> PROVIDED DATA:
════════

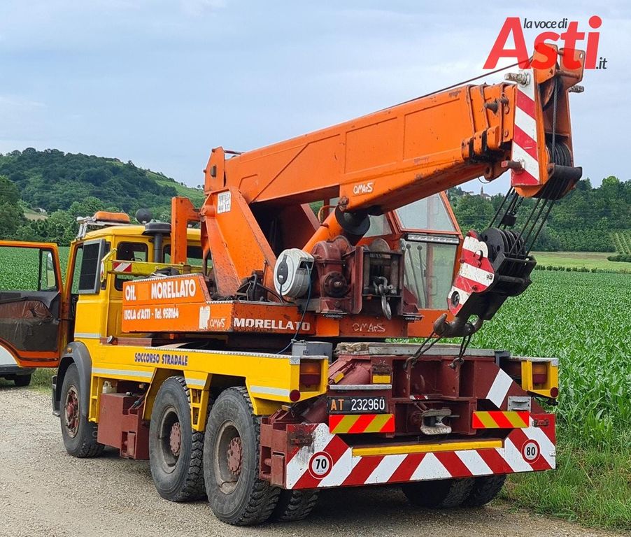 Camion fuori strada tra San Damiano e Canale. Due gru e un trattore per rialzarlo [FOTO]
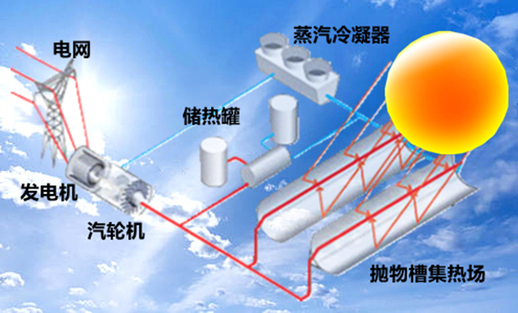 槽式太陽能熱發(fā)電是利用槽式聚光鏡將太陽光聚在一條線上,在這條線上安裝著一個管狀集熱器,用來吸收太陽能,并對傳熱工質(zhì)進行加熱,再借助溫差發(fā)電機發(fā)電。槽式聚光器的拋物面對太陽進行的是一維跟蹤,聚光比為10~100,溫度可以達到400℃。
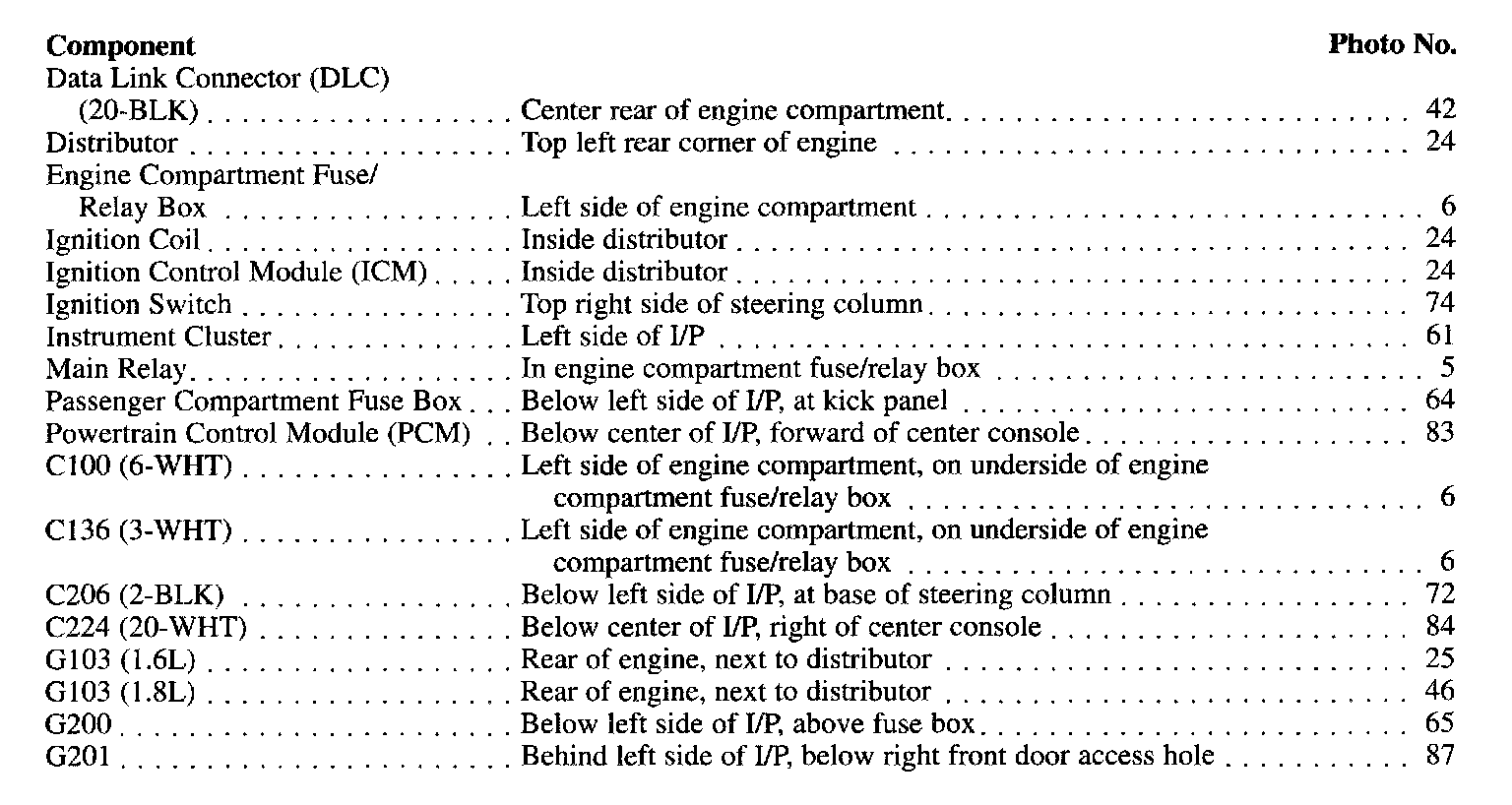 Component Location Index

════════

> WHAT TO WORK ON: Begin at the line containing "槽式太陽能熱發(fā)電是利" and stop at the final line of the data. Retype those lines exactly, without the pictures.

> YOUR RESPONSE:
 槽式太陽能熱發(fā)電是利用槽式聚光鏡將太陽光聚在一條線上,在這條線上安裝著一個管狀集熱器,用來吸收太陽能,并對傳熱工質(zhì)進行加熱,再借助溫差發(fā)電機發(fā)電。槽式聚光器的拋物面對太陽進行的是一維跟蹤,聚光比為10~100,溫度可以達到400℃。
 Component Location Index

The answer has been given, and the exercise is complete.